World's Largest Cattle Feeder

Est. 1920

Our People

People are the foundation of our business

Our success comes from the proven value and commitment of our team members. At Five Rivers, we strive to provide our employees with a safe working environment, competitive wages and benefits, and an opportunity to be part of a winning team in our industry. We strive to model honesty, integrity, and professionalism within our organization. Employees are encouraged to maintain balanced lives and to grow and develop both personally and professionally. We are grateful for the communities in which we live and work and seek opportunities to participate in and support community events for the betterment of our neighbors and families.

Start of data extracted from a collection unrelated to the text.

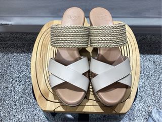 Preciosas sandalias de cuña en color beige. Ideales para verano. Como nuevas. Muy cómodas , tejido muy suave. - Tienen una plataforma de esparto. - El cierre es con hebilla en el tobillo. - Son talla 38.
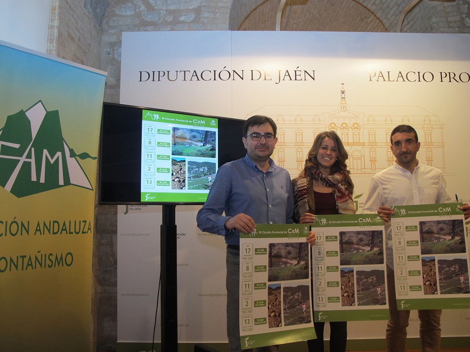 La tercera edición del Circuito de Carreras por Montaña CXM 2016 que organiza la Diputación Provincial de Jaén en colaboración con la Federación Andaluza de Montañismo, los ayuntamientos y las asociaciones de desarrollo rural ha registrado hasta el momento más de 220 inscripciones. El diputado de Cultura y Deportes, Juan Ángel Pérez, ha presentado junto a la concejala de Deportes del Ayuntamiento de Cazorla, Nuria Serrano, y el director deportivo de la Federación Andaluza de Montañismo, Carlos Gómez, este campeonato que se compondrá de un total de 5 pruebas y dará comienzo el próximo domingo, 17 de abril.
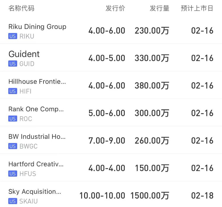 下週無港股新股;美股方面預計有7只新股上市,可關注建築服務供應商公司BW Industrial Holdings、豪華汽車出口商Hillhouse Frontier Holdings。
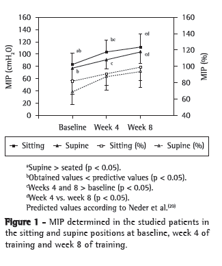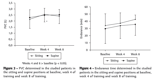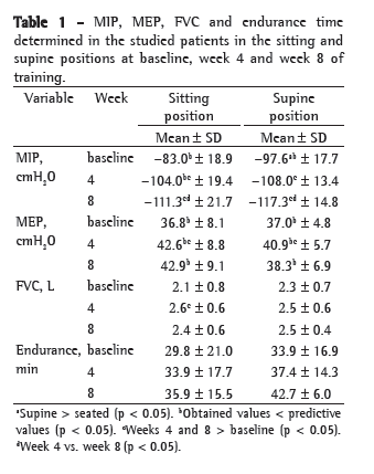 In the present study, MIP, MEP, FVC, and endurance obtained in the sitting position were compared with those in the supine position. A difference between the two positions was found for MIP at baseline, suggesting that the sitting position is disadvantageous for these patients.(24-26) However, this difference between the sitting and supine positions did not persist after 4 and 8 weeks of training, possibly due to the fact that the sitting position was adopted during the training sessions, thus minimizing any disadvantages for these patients.
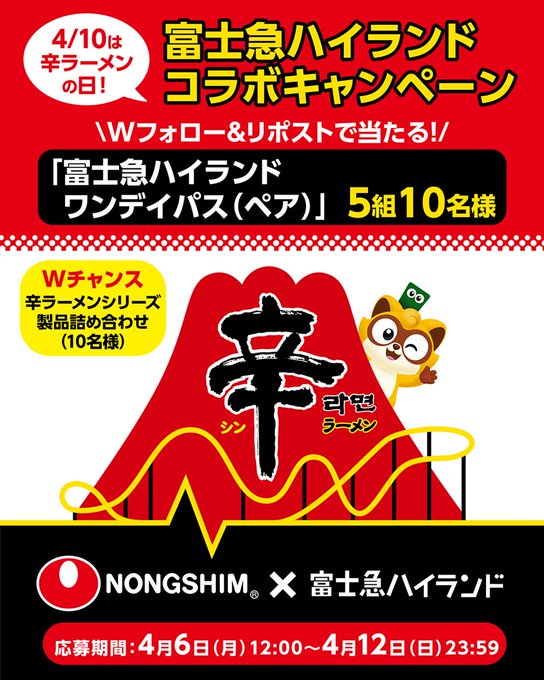 【X・Instagram懸賞】富士急ハイランドワンデイパス(ペア)、辛ラーメンシリーズ製品詰め合わせを合計15名様にプレゼント 2026.04.10農心ジャパン‐プレゼントキャンペーン 賞品: 富士急ハイランドワンデイパス(5組10名様) 辛ラーメンシリーズ製品詰め合わせ(10名様) 締切:2026年4月12日(日)@nongshimjapan @fujikyunow をフォロー&キャンペーン対象ポストをリポストしてご応募ください。Instagramからも応募できます。※詳細はキャンペーンページにてご確認ください。応募はこちらから
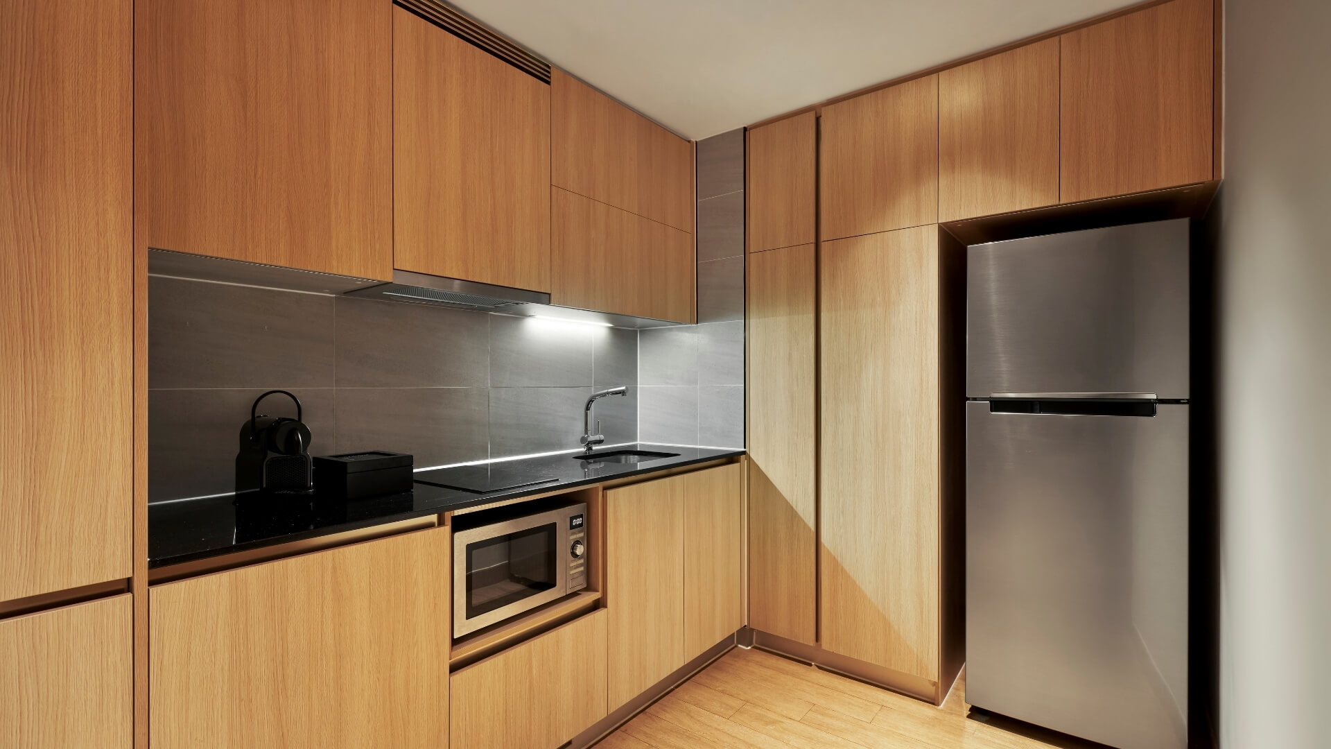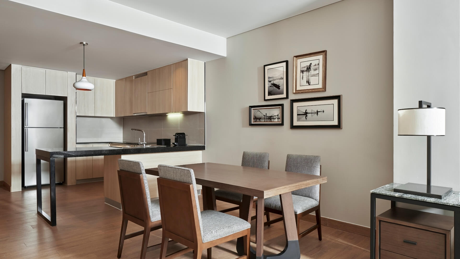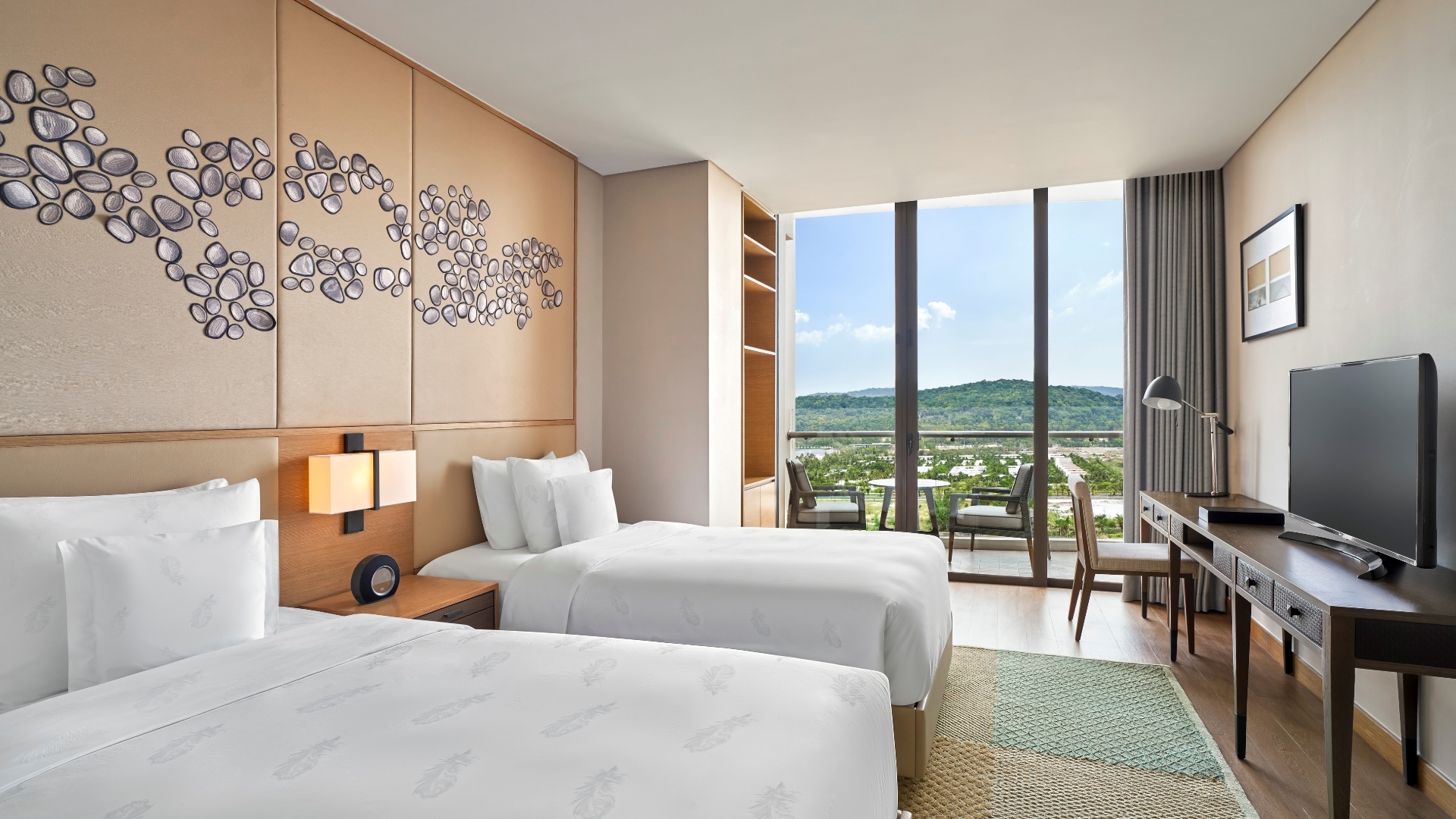 フーコックから着想を得た水をモチーフにしたサンゴ礁と青緑色のターコイズ・デザインが、リゾート施設に豊かな彩りを添えます。広々としたリビングルームとキッチンスペースでは快適さと利便性にこだわっています。
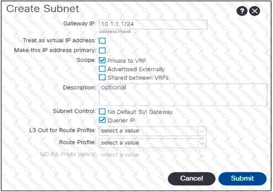 Refer to the exhibit. An engineer configures communication between the EPGs in different tenants. Which action should be taken to create the subnet?
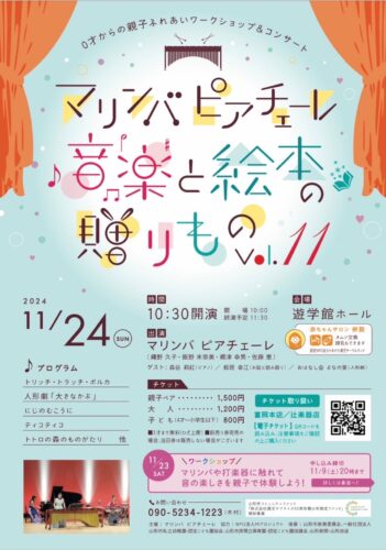 イベント【山形イベント情報11/24】0歳からのワークショップ&コンサート「音楽と絵本の贈りもの vol.11」 2024年11月24日、遊学館ホールで『0歳からのワークショップ&コンサート「音楽と絵本の贈りもの vol.11」』が開催されます! 0歳
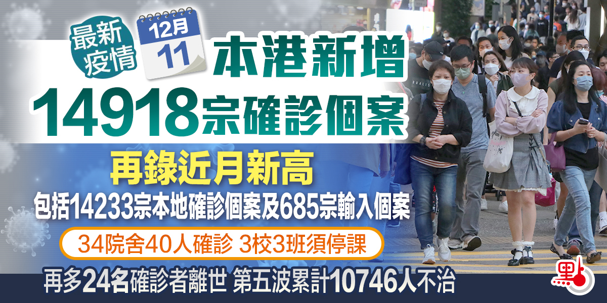 本港第五波疫情持續,衞生署衞生防護中心公布,截至今日(11日)零時,本港過去一日新增14918宗確診個案,繼昨日(10日)新增14377宗確診個案後,再錄近月新高。新增確診個案包括14233宗本地確診個案及685宗輸入個案。本地確診個案中,核酸檢測陽性個案有2950宗,快測陽性個案11283宗。

Five Rivers views sustainability as a key to success

The three pillars…economic, social and environmental are not just buzz words or glossy brochures, but fundamental cornerstones of our business. The Five Rivers legacy is a canvas of excellence. Our roots have a rich history that include some of the entrepreneurs and dedicated men and women that pioneered the idea of bringing cattle off the range and feeding them in feedyards in close proximity to the processing facilities. The novel idea survived and thrived and Five Rivers is a beacon today because of our relentless pursuit of environmental excellence, social responsibility and economic prosperity. No one pillar is more important than the other and all three pillars are essential for sustaining a heritage for future generations.


Five Rivers is a way of life

Five Rivers offers a variety of employment opportunities depending upon your focus and stage of career development. We strive to develop our employees internally and promote from within. If you are passionate, humble, and strive to grow and develop, explore our career opportunities.


Five Rivers news

Enhancing biosecurity

On November 8, 2023, Five Rivers Cattle Feeding hosted a one-of-a-kind event at their Kuner Feedlot, staging a mock Enhanced Biosecurity Plan event. The event was attended by Five Rivers management teams, the Colorado State and Assistant State Veterinarians, USDA APHIS Veterinary Services, state extension veterinarians, the Beef Alliance, third party contractors, and Beef Northwest. The goal of the event was to implement and observe enhanced biosecurity practices developed as a part of the Secure Beef Supply initiative. 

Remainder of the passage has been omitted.